UKPLab / sentence-transformers

Multilingual Sentence & Image Embeddings with BERT
https://www.SBERT.net
Apache License 2.0
14.38k stars 2.39k forks source link

Explainability of sbert for sentence similarity #1805

Open amitkayal opened 1 year ago

amitkayal commented 1 year ago

Hello,

I am trying to implement Transformers Interpret for sbert and not able to visualize the output to understand how sbert sentence similarity compares multiple sentences and the keywords which contributed to compare this.

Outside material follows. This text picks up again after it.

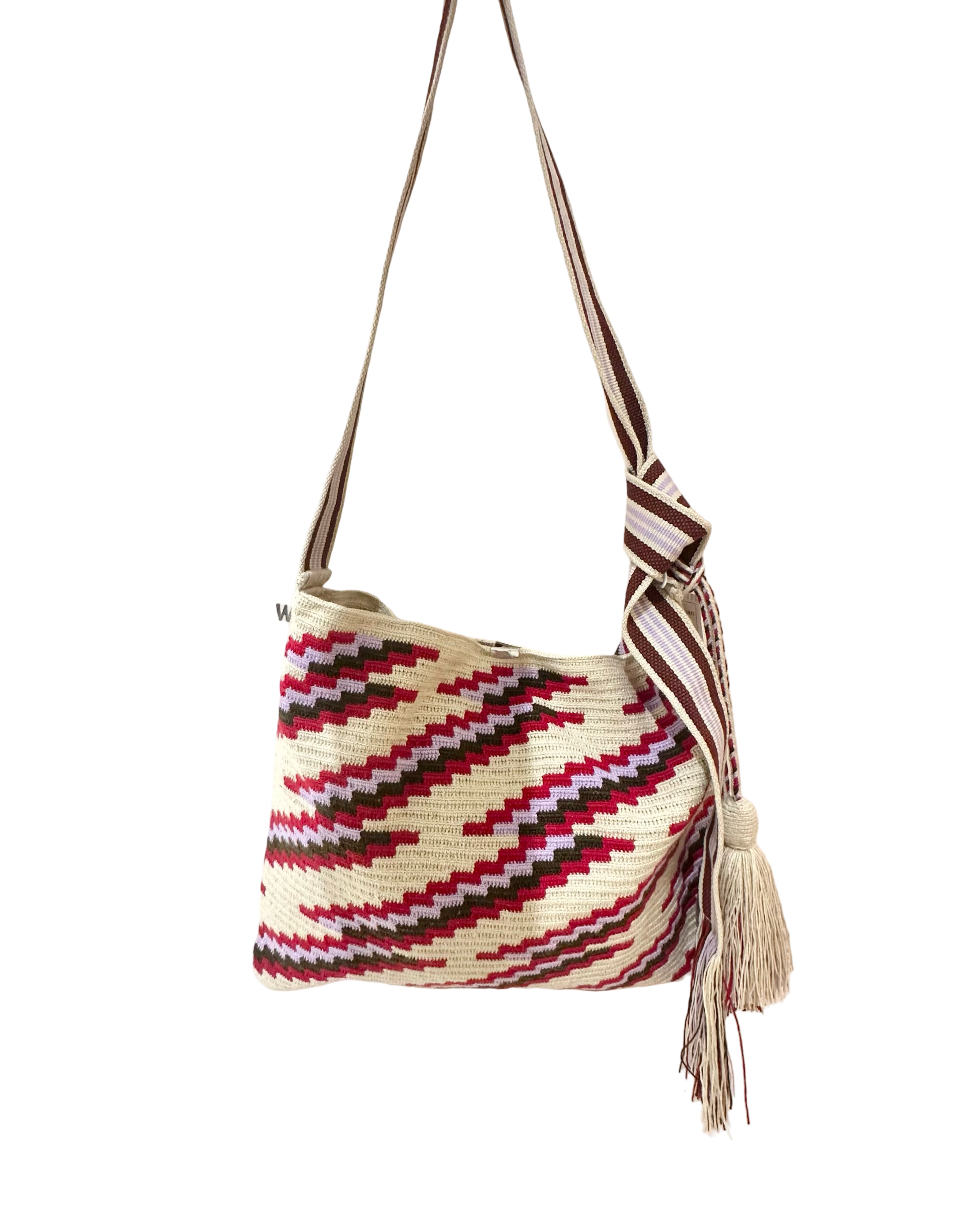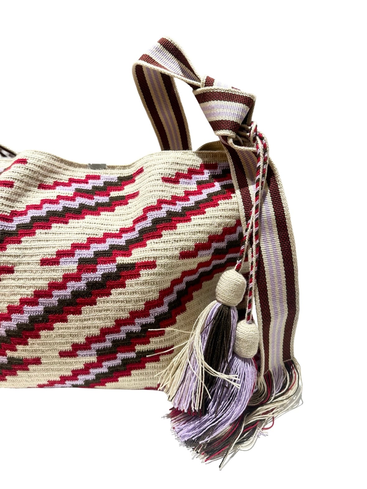 ワユーバックはコロンビア現地の職人によるハンドメイド製品のため、機械で作ったもののように完璧な作りではありません。全て一つ一つ手作りのため、ほつれや結び目等もあります。また、底のデザインやタッセルの仕様が違うこともございます。

Do we have any documentation available for this? Thanks

bm777 commented 1 year ago

I would rather say that the similarity function of SBERT is calculating the distance between vectors of d-dimension. Before calculating the distance, SBERT converts the query and the passages into vectors. These vectors of real values are deduced from the {query, passages} through encoders (biencoders: whatever we called it). For some models, dimension d = 768. Then the vectors with 768 as dimensions.

The similarity is deduced by just ranking the distances calculated, and then retrieving top-k passage related to the query based on semantic search. Your question is based on keyword matching, which is a lexical search, and for real use cases, it has some weaknesses like not considering the synonyms and antonyms. I don't know why you are using keyword matching, but I would rather try to understand semantic search, instead of lexical search.